Records supplied:
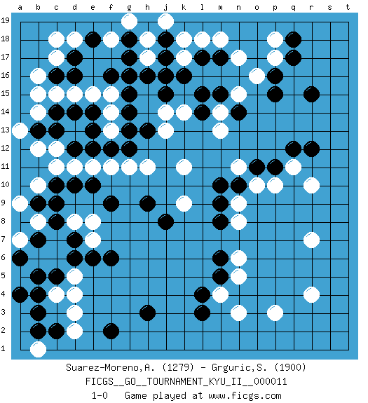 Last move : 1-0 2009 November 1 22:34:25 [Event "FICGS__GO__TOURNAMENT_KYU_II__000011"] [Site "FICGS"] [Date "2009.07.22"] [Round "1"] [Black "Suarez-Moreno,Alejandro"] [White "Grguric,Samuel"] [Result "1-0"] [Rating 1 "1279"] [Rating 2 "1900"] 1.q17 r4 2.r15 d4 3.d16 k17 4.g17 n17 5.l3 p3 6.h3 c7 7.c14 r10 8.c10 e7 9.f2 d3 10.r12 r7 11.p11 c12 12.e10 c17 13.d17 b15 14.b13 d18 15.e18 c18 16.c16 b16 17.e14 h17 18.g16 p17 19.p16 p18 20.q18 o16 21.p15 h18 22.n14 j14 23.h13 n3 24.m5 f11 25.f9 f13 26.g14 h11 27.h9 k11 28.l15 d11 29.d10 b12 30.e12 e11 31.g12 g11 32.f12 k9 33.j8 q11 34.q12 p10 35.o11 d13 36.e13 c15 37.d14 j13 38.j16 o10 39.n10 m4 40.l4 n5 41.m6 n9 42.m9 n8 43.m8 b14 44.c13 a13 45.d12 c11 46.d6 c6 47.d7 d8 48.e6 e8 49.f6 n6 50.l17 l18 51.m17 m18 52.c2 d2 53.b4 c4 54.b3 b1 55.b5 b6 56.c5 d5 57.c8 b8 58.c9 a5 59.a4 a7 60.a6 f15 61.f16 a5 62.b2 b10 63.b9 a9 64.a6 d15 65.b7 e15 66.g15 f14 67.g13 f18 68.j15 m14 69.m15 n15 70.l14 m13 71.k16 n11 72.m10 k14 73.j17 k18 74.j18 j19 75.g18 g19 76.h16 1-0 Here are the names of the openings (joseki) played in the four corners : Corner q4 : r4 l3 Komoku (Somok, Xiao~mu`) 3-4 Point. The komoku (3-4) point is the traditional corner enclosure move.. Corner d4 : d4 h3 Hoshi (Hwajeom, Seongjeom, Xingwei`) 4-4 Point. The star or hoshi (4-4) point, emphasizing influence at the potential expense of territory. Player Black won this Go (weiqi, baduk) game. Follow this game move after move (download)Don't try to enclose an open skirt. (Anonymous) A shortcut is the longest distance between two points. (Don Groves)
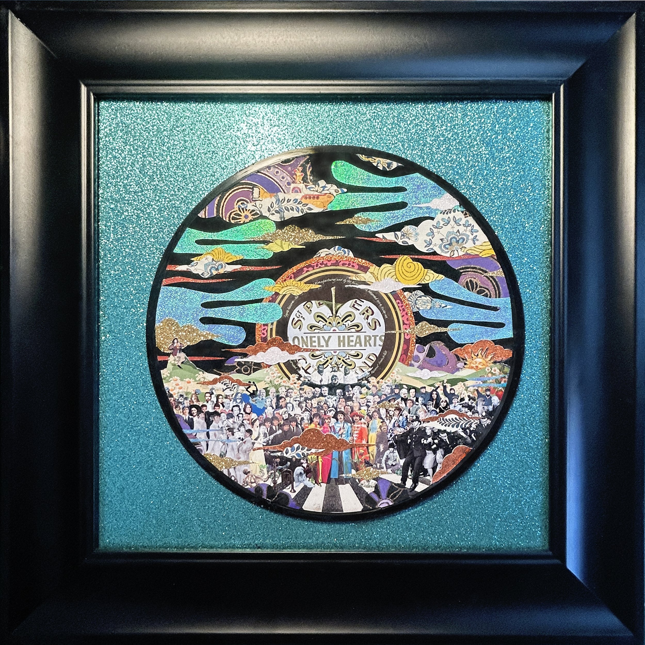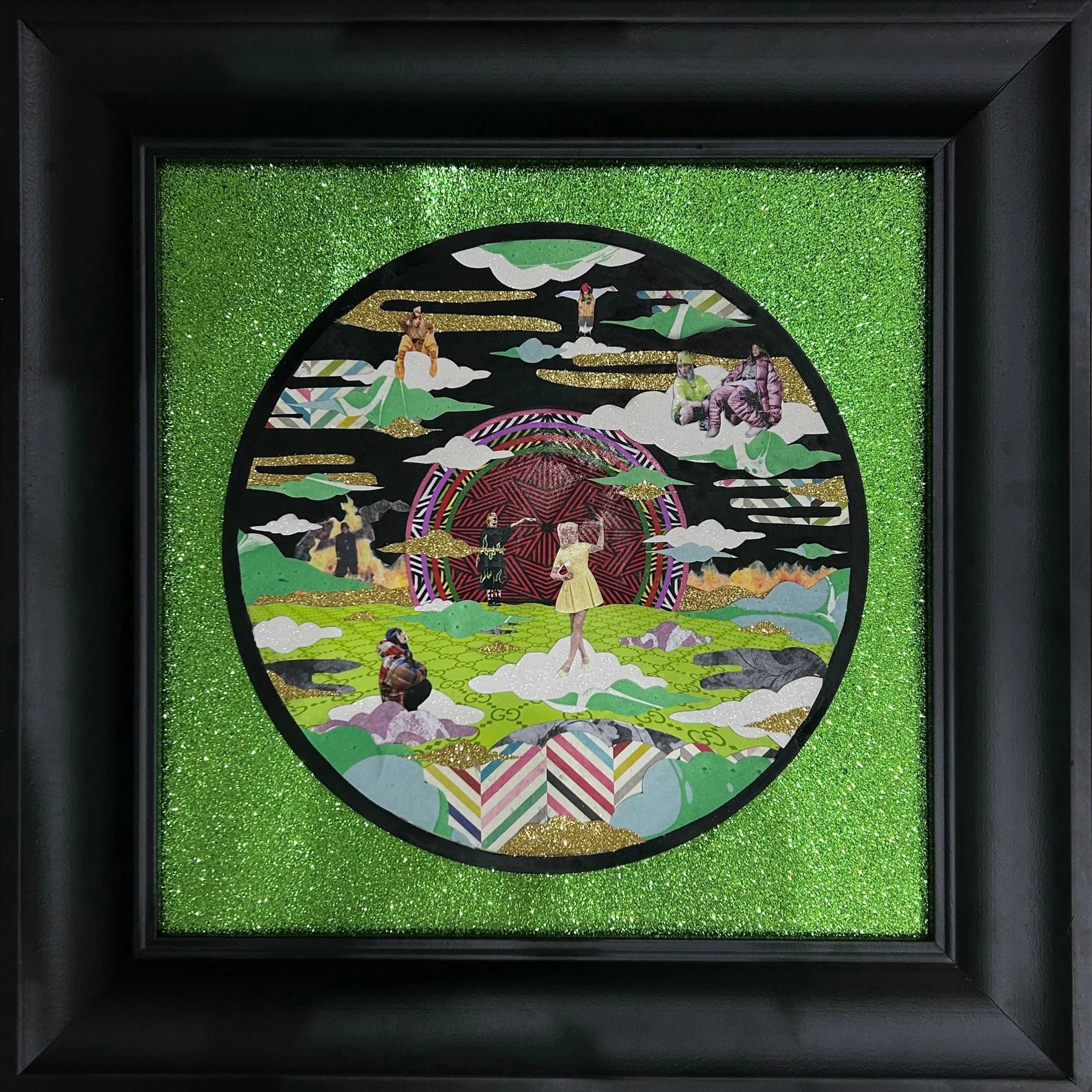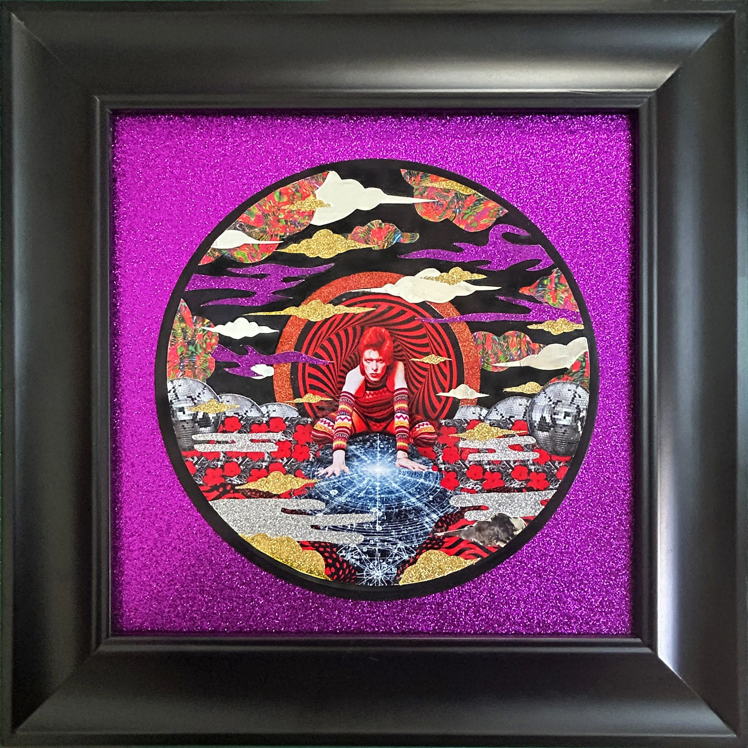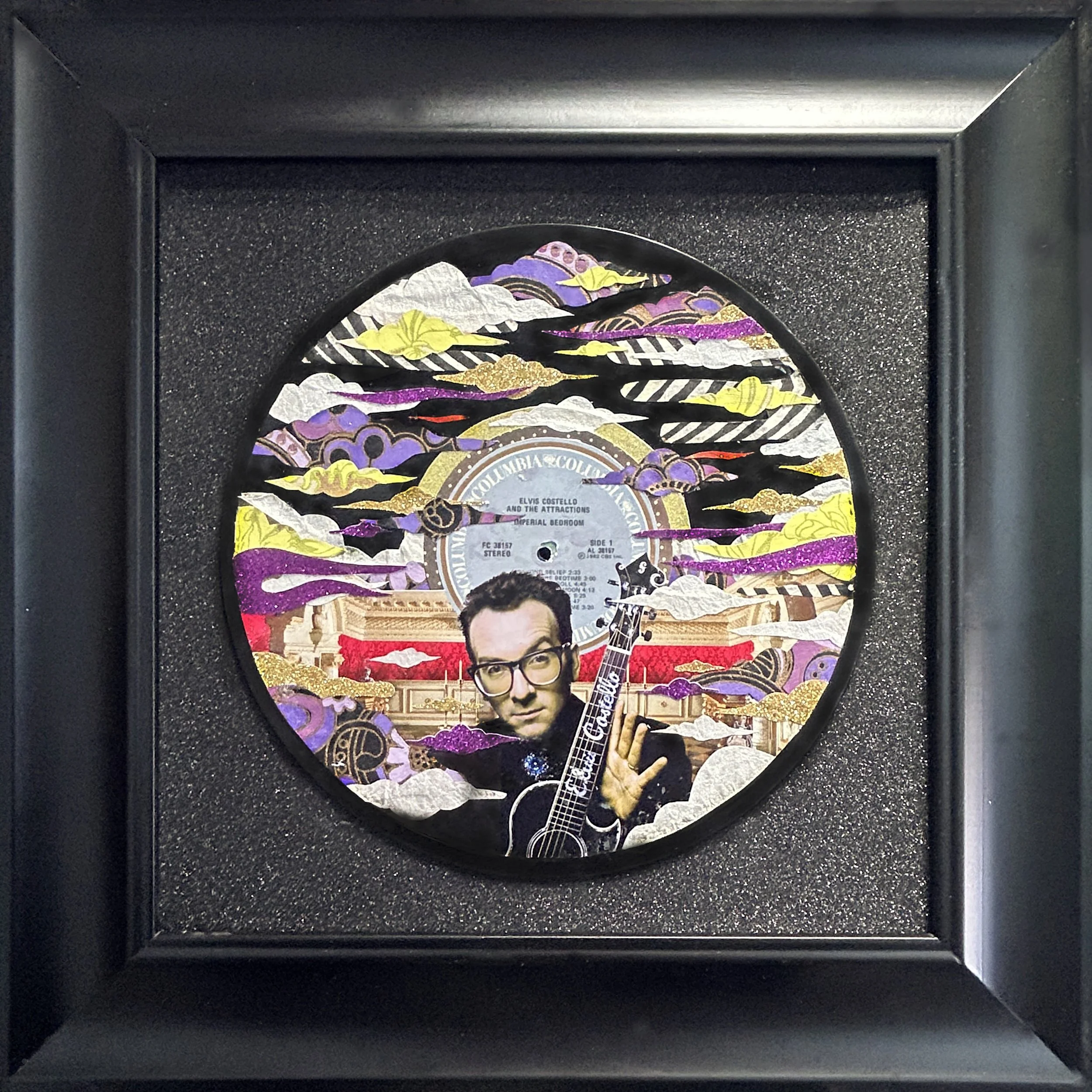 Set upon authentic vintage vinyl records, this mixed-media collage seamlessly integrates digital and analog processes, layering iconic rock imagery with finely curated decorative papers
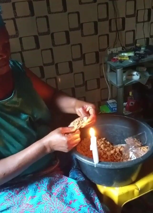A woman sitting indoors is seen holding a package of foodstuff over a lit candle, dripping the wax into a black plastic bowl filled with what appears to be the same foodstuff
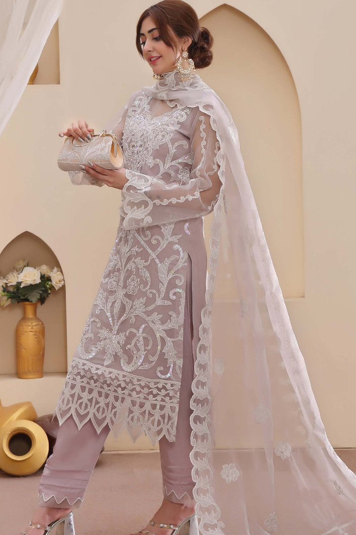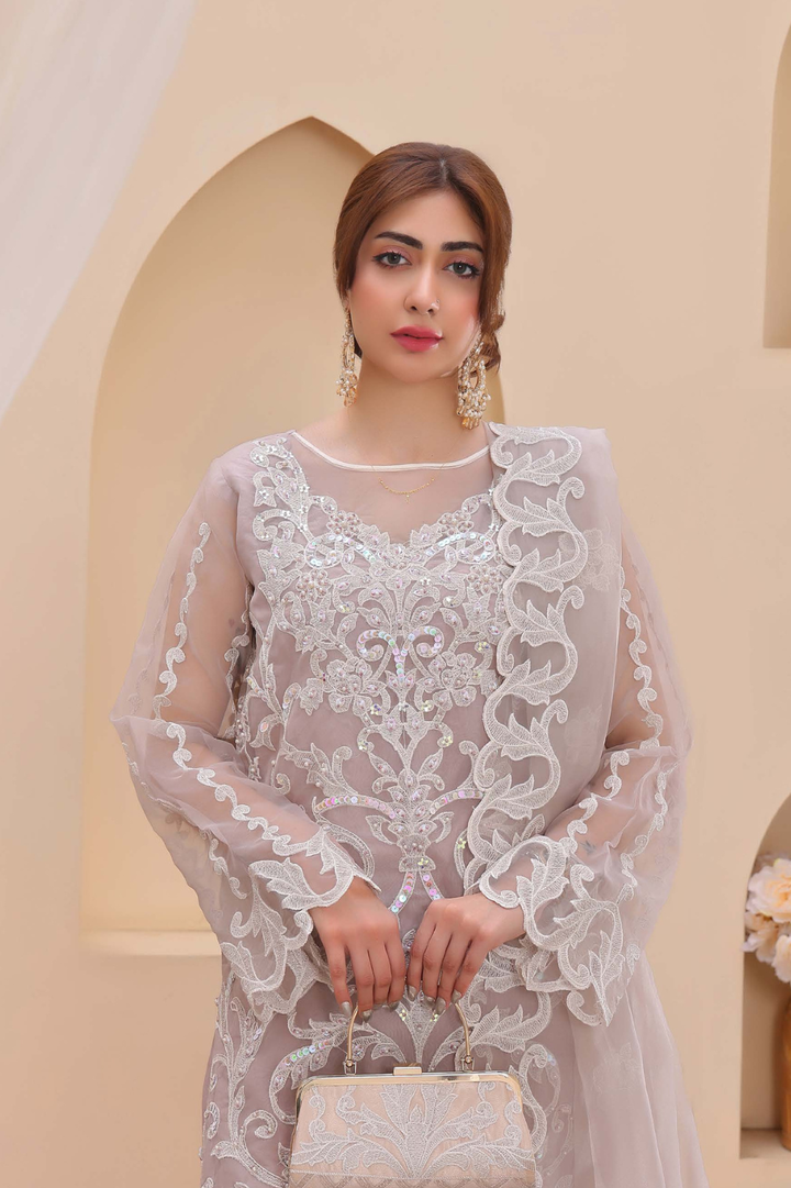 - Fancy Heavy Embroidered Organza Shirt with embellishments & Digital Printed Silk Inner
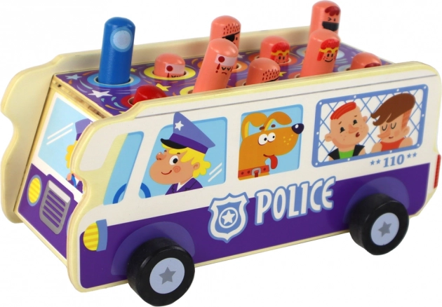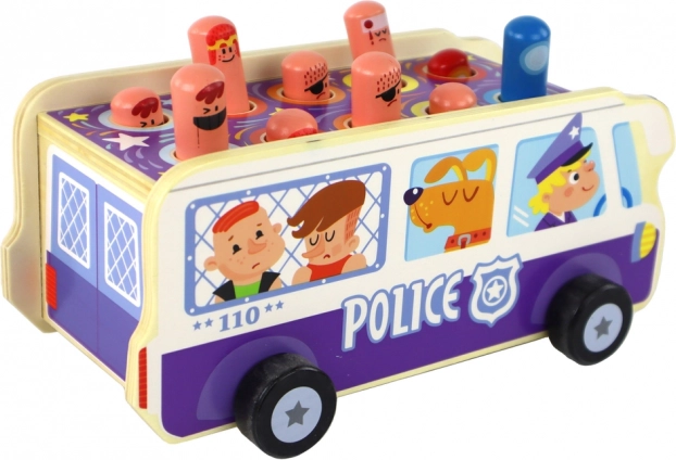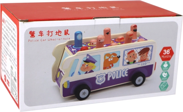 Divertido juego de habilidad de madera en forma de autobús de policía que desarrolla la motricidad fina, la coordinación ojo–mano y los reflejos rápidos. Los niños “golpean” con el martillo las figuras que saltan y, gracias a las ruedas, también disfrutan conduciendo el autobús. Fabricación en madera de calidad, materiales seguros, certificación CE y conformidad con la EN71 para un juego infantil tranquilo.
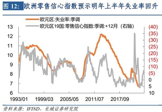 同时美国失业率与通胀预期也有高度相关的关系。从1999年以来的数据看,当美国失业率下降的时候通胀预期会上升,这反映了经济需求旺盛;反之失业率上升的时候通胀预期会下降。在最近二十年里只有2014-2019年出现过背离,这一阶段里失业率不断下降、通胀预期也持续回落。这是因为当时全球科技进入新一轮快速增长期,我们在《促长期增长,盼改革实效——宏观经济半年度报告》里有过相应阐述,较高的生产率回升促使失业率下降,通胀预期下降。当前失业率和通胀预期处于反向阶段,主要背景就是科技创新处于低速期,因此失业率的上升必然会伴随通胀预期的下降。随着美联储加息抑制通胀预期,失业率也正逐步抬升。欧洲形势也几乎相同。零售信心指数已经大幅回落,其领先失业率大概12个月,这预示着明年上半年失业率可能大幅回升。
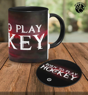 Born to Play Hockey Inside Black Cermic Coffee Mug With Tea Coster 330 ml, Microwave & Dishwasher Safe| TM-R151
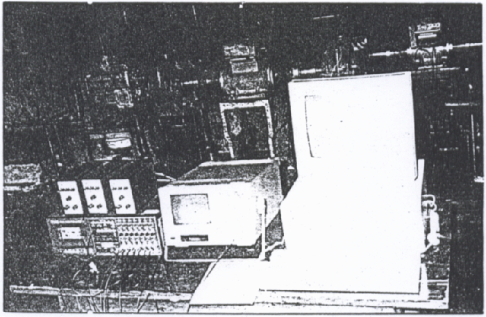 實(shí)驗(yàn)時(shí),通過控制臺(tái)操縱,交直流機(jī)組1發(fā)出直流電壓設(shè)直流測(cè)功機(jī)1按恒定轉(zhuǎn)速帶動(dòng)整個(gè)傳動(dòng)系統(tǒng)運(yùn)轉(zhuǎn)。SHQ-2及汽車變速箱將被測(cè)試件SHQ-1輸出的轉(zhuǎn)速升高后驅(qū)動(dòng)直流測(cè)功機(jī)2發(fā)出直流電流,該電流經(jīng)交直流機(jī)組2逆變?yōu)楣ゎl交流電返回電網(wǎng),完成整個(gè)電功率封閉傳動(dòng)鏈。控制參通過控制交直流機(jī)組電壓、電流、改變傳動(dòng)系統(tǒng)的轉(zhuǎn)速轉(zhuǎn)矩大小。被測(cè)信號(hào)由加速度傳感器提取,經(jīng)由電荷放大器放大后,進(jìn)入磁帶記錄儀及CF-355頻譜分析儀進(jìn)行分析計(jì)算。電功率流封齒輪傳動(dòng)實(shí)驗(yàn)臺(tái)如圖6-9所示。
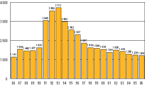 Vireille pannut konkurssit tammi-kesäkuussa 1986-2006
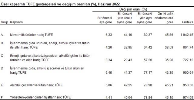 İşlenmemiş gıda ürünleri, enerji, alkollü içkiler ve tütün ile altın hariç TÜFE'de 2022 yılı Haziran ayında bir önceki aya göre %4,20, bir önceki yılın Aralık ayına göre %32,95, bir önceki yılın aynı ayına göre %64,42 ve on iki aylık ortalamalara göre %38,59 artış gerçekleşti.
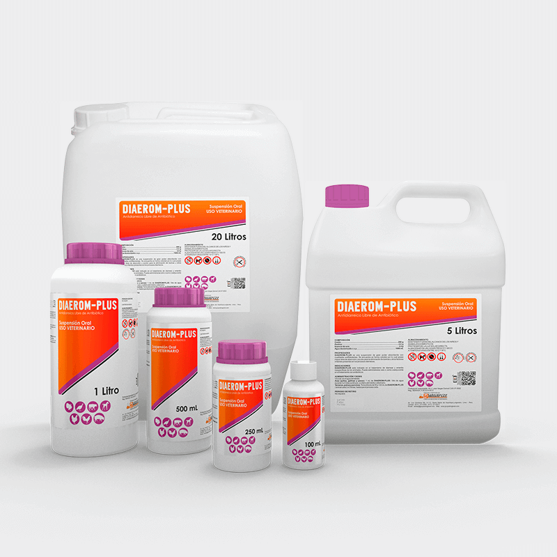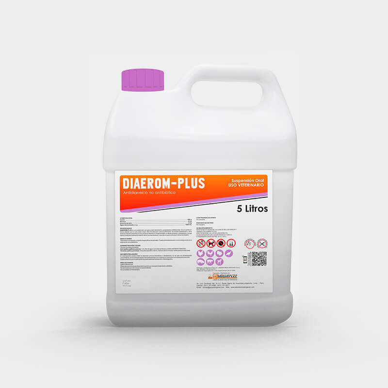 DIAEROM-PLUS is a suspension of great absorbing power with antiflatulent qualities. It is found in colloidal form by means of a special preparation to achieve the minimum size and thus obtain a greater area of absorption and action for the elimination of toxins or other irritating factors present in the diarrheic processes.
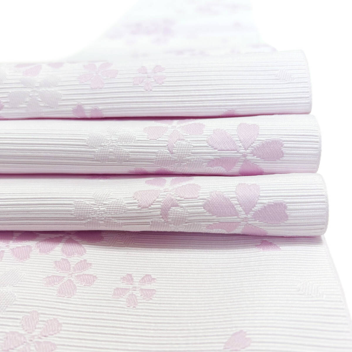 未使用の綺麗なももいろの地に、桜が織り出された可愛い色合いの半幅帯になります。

Your task: Retype the lines above exactly as they appear, from the line containing "A woman sitting" through the line containing "- Fancy Heavy", and leave out any pictures.

Result for this task:
A woman sitting indoors is seen holding a package of foodstuff over a lit candle, dripping the wax into a black plastic bowl filled with what appears to be the same foodstuff
 - Fancy Heavy Embroidered Organza Shirt with embellishments & Digital Printed Silk Inner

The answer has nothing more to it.